Big Tech's datacentre emissions much higher than officially reported
Actual impact could be more than 600% higher than claimed
A new investigation has uncovered massive discrepancies in major tech companies' environmental claims.
Datacentres owned by Google, Apple, Microsoft and Meta could be emitting more than 660% more carbon than the companies officially report, according to the analysis by The Guardian.
The paper, which scrutinised datacentre emissions from 2020 to 2022, says their actual climate impact appears to have been vastly understated.
The report highlights a trend of "creative accounting" at the tech giants, allowing them to claim carbon neutrality despite a substantial environmental footprint.
These companies typically rely on renewable energy certificates (RECs) to offset emissions, but critics argue this practice is akin to greenwashing.

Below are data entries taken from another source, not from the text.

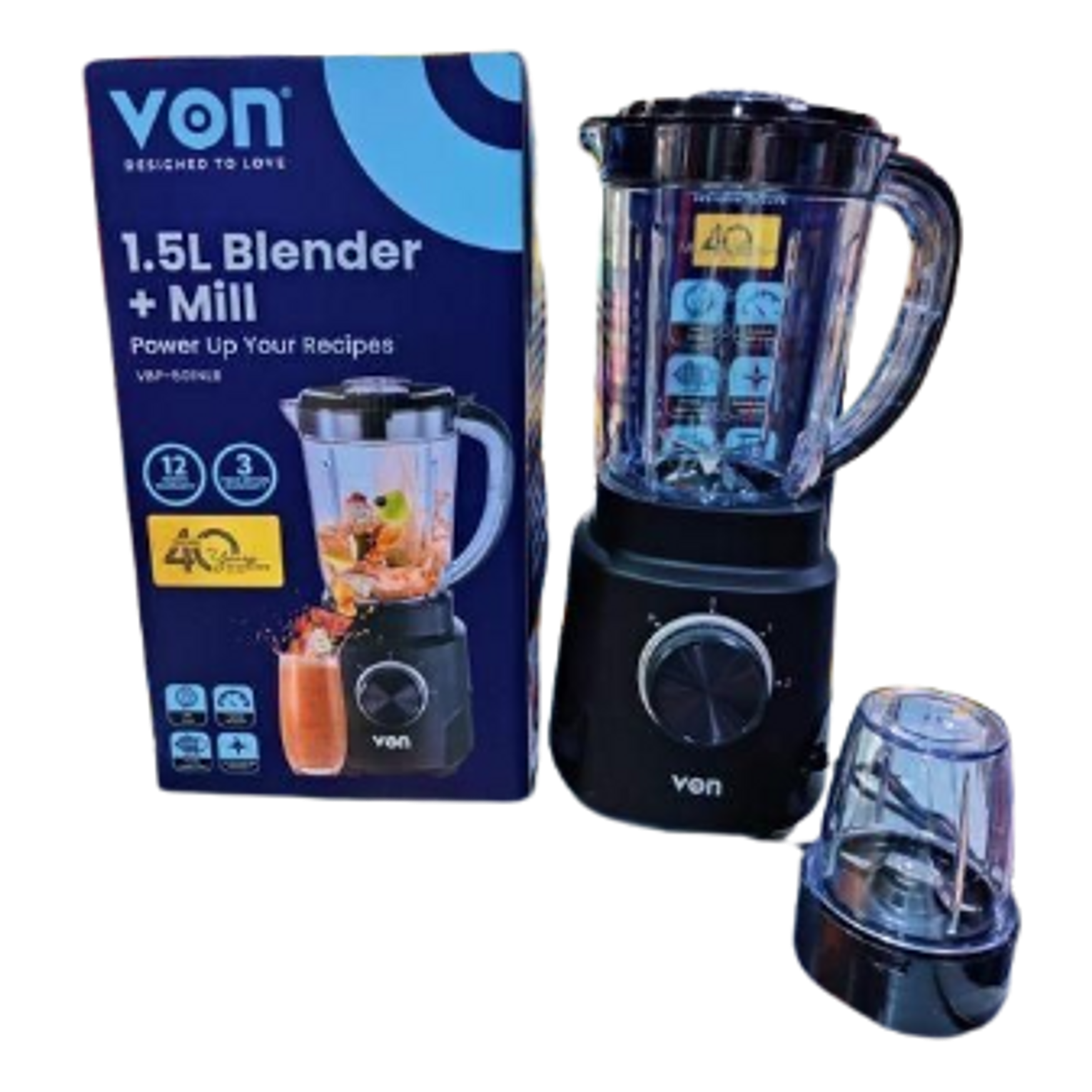 Blender for fruits, vegetables, and ice crushing Grinder for milling spices, coffee beans, and nuts 2 speeds and pulse function
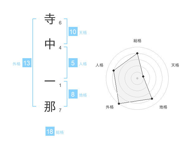 寺中 一那さんの総格は18画の4点!
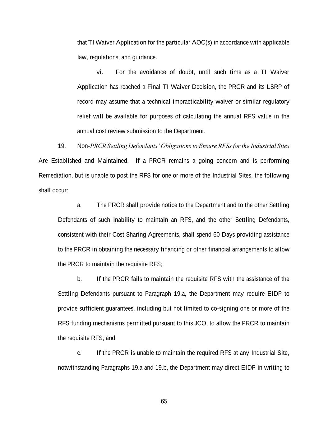65 that TI Waiver Application for the particular AOC(s) in accordance with applicable law, regulations, and guidance. vi. For the avoidance of doubt, until such time as a TI Waiver Application has reached a Final TI Waiver Decision, the PRCR and its LSRP of record may assume that a technical impracticability waiver or similar regulatory relief will be available for purposes of calculating the annual RFS value in the annual cost review submission to the Department. 19. Non-PRCR Settling Defendants’ Obligations to Ensure RFSs for the Industrial Sites Are Established and Maintained. If a PRCR remains a going concern and is performing Remediation, but is unable to post the RFS for one or more of the Industrial Sites, the following shall occur: a. The PRCR shall provide notice to the Department and to the other Settling Defendants of such inability to maintain an RFS, and the other Settling Defendants, consistent with their Cost Sharing Agreements, shall spend 60 Days providing assistance to the PRCR in obtaining the necessary financing or other financial arrangements to allow the PRCR to maintain the requisite RFS; b. If the PRCR fails to maintain the requisite RFS with the assistance of the Settling Defendants pursuant to Paragraph 19.a, the Department may require EIDP to provide sufficient guarantees, including but not limited to co-signing one or more of the RFS funding mechanisms permitted pursuant to this JCO, to allow the PRCR to maintain the requisite RFS; and c. If the PRCR is unable to maintain the required RFS at any Industrial Site, notwithstanding Paragraphs 19.a and 19.b, the Department may direct EIDP in writing to
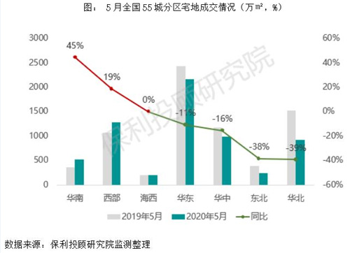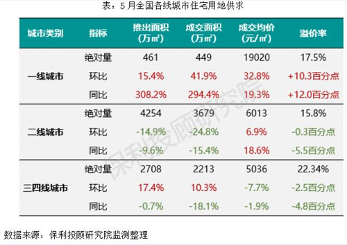 保利投顧研究院發(fā)布的月報顯示,土地市場,一線城市5月表現(xiàn)全指標(biāo)“飄紅”,市場熱度不減,供應(yīng)量為同期3.1倍,成交量為同期2.9倍。一線四城均出讓多幅優(yōu)質(zhì)地塊,受深圳龍光南山地塊、北京合生豐臺地塊高溢價成交帶動,整體溢價率同比提升12個百分點。
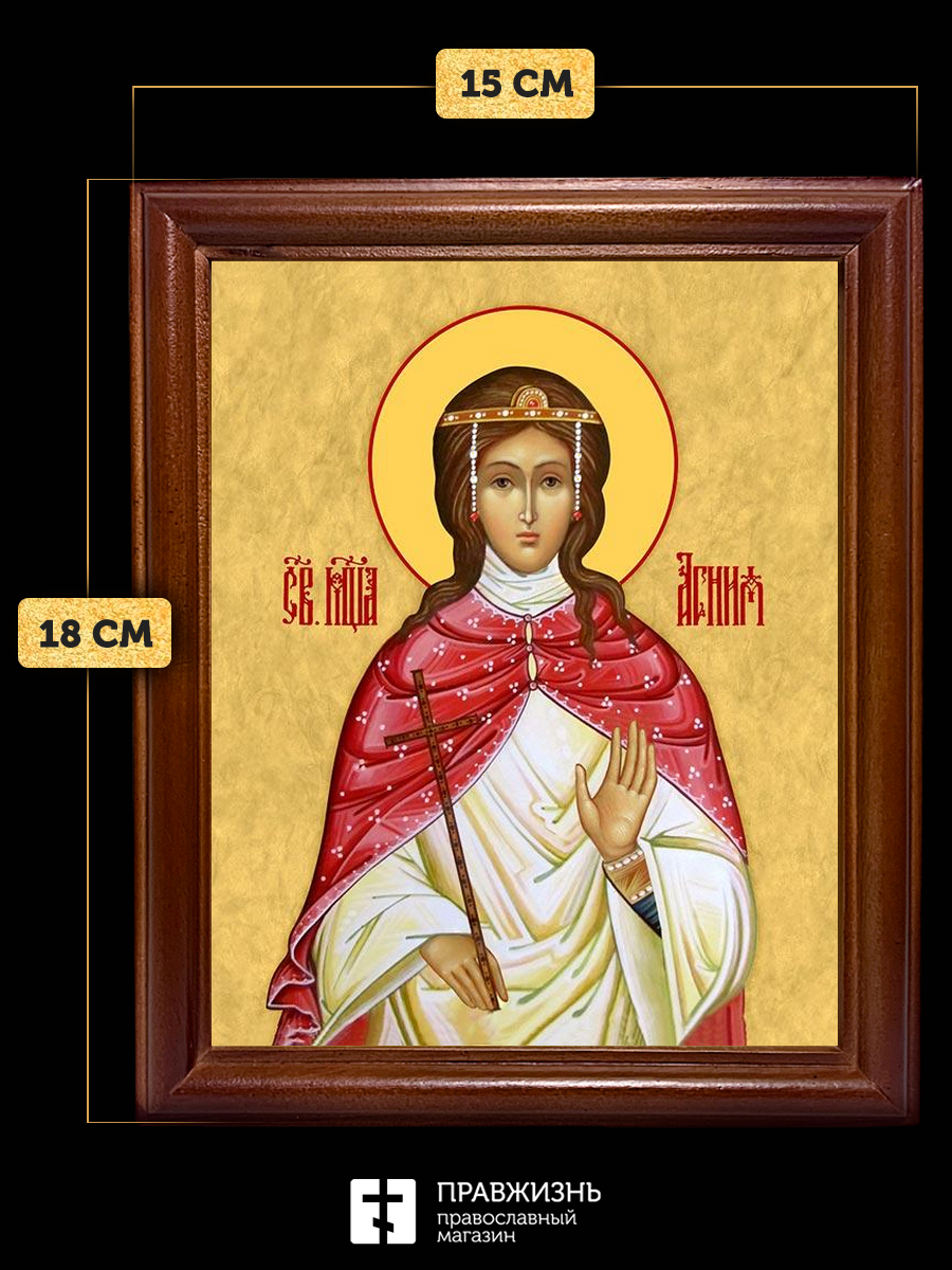 Икона Агния Анна Римская мученица, деревянная рамка со стеклом 15х18х2 см 307

RECs are used to calculate "market-based" emissions. These take the purchase of renewable energy into account, even if the datacentres themselves continue to draw electricity from non-renewable sources.
In contrast, location-based emissions, which reflect the actual carbon output of the local grid supplying the datacentres, reveal a far more concerning picture.
For example, Meta, which officially reported emissions of 273 metric tons of CO2 in 2022, would see that figure skyrocket to more than 3.8 million metric tons under the more precise location-based method.
Similar discrepancies were found with Google, Microsoft and Apple, who have all been vocal about their carbon neutrality pledges.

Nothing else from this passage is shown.